- [Exercise details]:
From the line that contains "没有账号的学生用户可进行注册操作,学生注册界面展示如图所示。" down to the last line of the entries, repeat every line exactly. Do not carry over the pictures.
☆ ☆ ☆
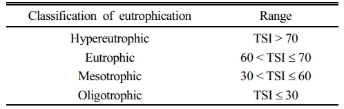 Carlson(1977)은 호소의 영양상태를 정의하고 부영양화를 분류하기 위한 방법으로 Trophic State Index(TSI)를 제시하였는데, 본 연구에서도 이 지수를 사용하였다. TSI는 아래와 같이 chlorophyll-a, T-P, 투명도(Secchi disk; SD)를 고려하며, 조류를 제한하거나 변수에 영향을 미치는 요인과 관련된 변수 간의 상호 관계를 이용한다(Carlson and Simpson, 1996). Chlorophyll-a와 SD는 조류의 생물량을 추정할 수 있으며, T-P와 T-N은 영양염류의 부하와 영양상태와 연관이 있어 변수들은 서로 연관성을 가지고 있다(Carlson, 2007). 영양상태를 0부터 100까지의 수치로 나타내고 이 지수가 10씩 증가함에 따라 투명도가 1/2로 감소하여 투명도가 64일 때 TSI가 0인 것으로 한다(Carlson, 1977). Chlorophyll-a, T-P, SD를 적용한 TSI는 계산한 변수가 30 이하일 때 빈영양호(oligotrophic)로 하며, 30 초과 60 이하를 중영양호(mesotrophic), 60 초과 70 이하를 (eutrophic)로 한다. 그리고 70을 초과하는 TSI는 과영양호(hypereutrophic)라고 한다(Table 1).
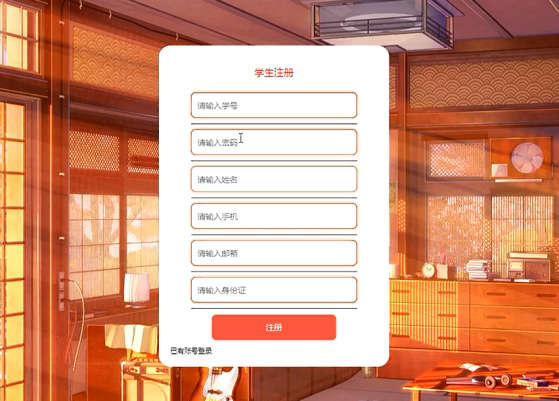 没有账号的学生用户可进行注册操作,学生注册界面展示如图所示。
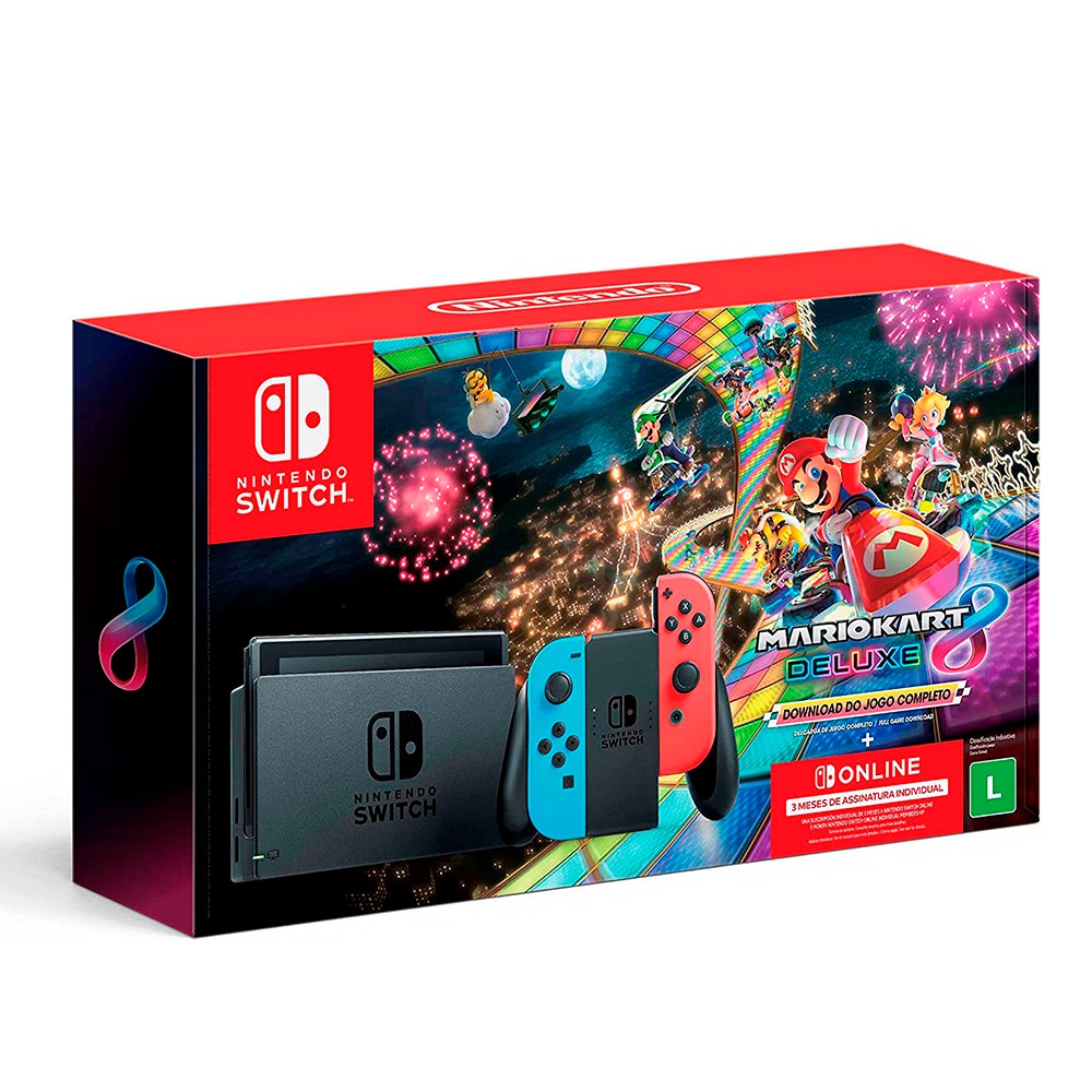 Console Nintendo Switch + Joy-Con Neon + Mario Kart 8 Deluxe + 3 Meses de Assinatura Nintendo Switch Online, Azul e Vermelho - HBDSKABL2
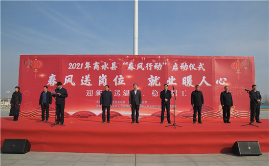 春風送崗位,就業(yè)暖人心。春節(jié)假期剛過,2月18日,商水縣舉行2021年“春風行動”啟動儀式暨企業(yè)春季用工招聘會,為企業(yè)和求職者搭建一個雙向溝通交流的平臺,讓用人單位挑選到適合企業(yè)發(fā)展的人才,也讓求職者在家門口找到適合自己的就業(yè)崗位。縣委書記孔陽,縣長田林,縣人大常委會主任李德來,縣政協主席孫培忠,副縣長朱高建,縣政協副主席、工商聯主席彭發(fā)光,縣工會主席盧紅兵,縣集聚區(qū)管委會主任馬三華等出席啟動儀式。啟動儀式由朱高建主持。
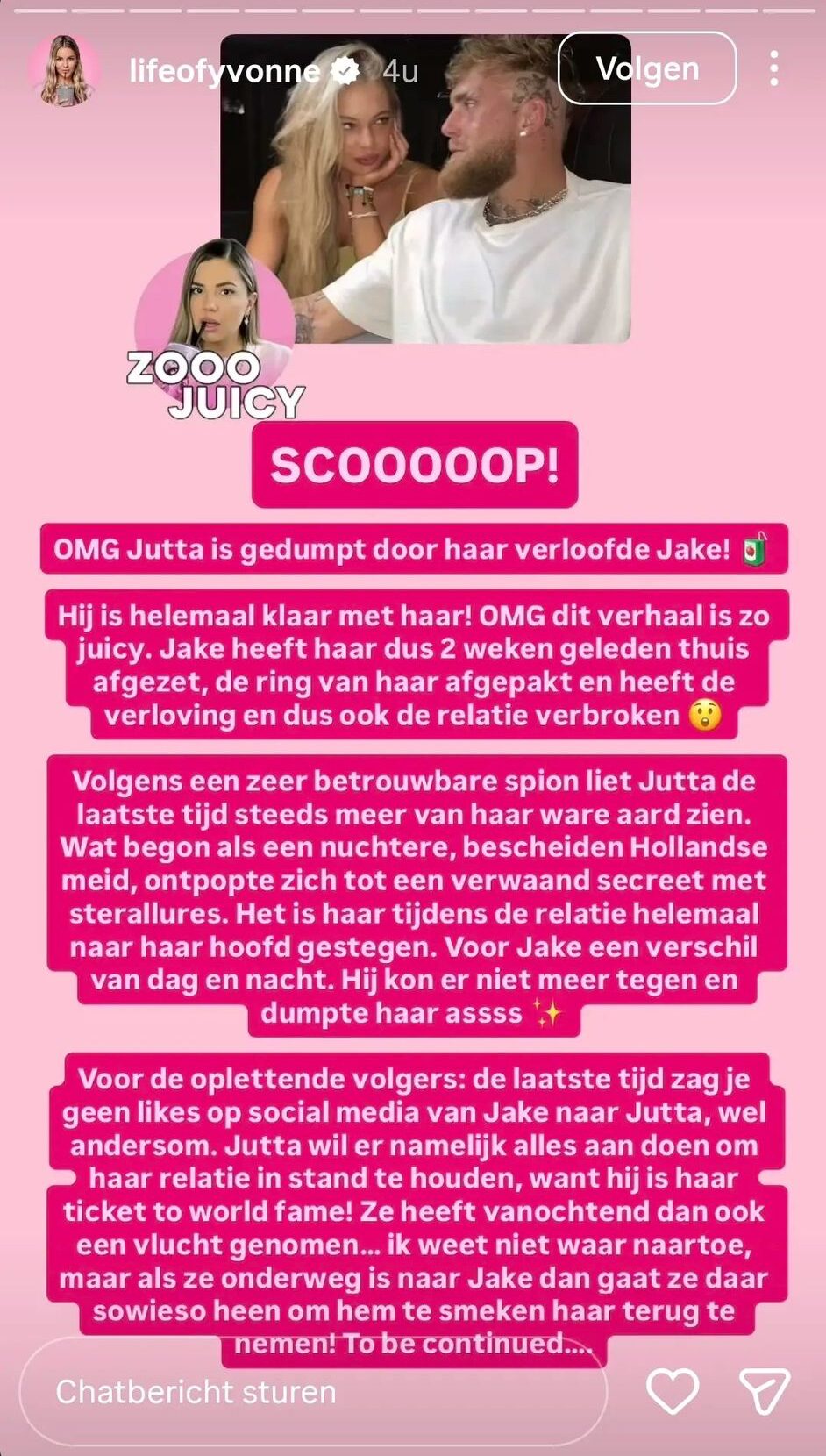 Juicekanaal Life of Yvonne claimt break-up tussen Jutta Leerdam en Jake Paul
☆ ☆ ☆
- [Result for this task]:
 没有账号的学生用户可进行注册操作,学生注册界面展示如图所示。
 Console Nintendo Switch + Joy-Con Neon + Mario Kart 8 Deluxe + 3 Meses de Assinatura Nintendo Switch Online, Azul e Vermelho - HBDSKABL2
 春風送崗位,就業(yè)暖人心。春節(jié)假期剛過,2月18日,商水縣舉行2021年“春風行動”啟動儀式暨企業(yè)春季用工招聘會,為企業(yè)和求職者搭建一個雙向溝通交流的平臺,讓用人單位挑選到適合企業(yè)發(fā)展的人才,也讓求職者在家門口找到適合自己的就業(yè)崗位。縣委書記孔陽,縣長田林,縣人大常委會主任李德來,縣政協主席孫培忠,副縣長朱高建,縣政協副主席、工商聯主席彭發(fā)光,縣工會主席盧紅兵,縣集聚區(qū)管委會主任馬三華等出席啟動儀式。啟動儀式由朱高建主持。
 Juicekanaal Life of Yvonne claimt break-up tussen Jutta Leerdam en Jake Paul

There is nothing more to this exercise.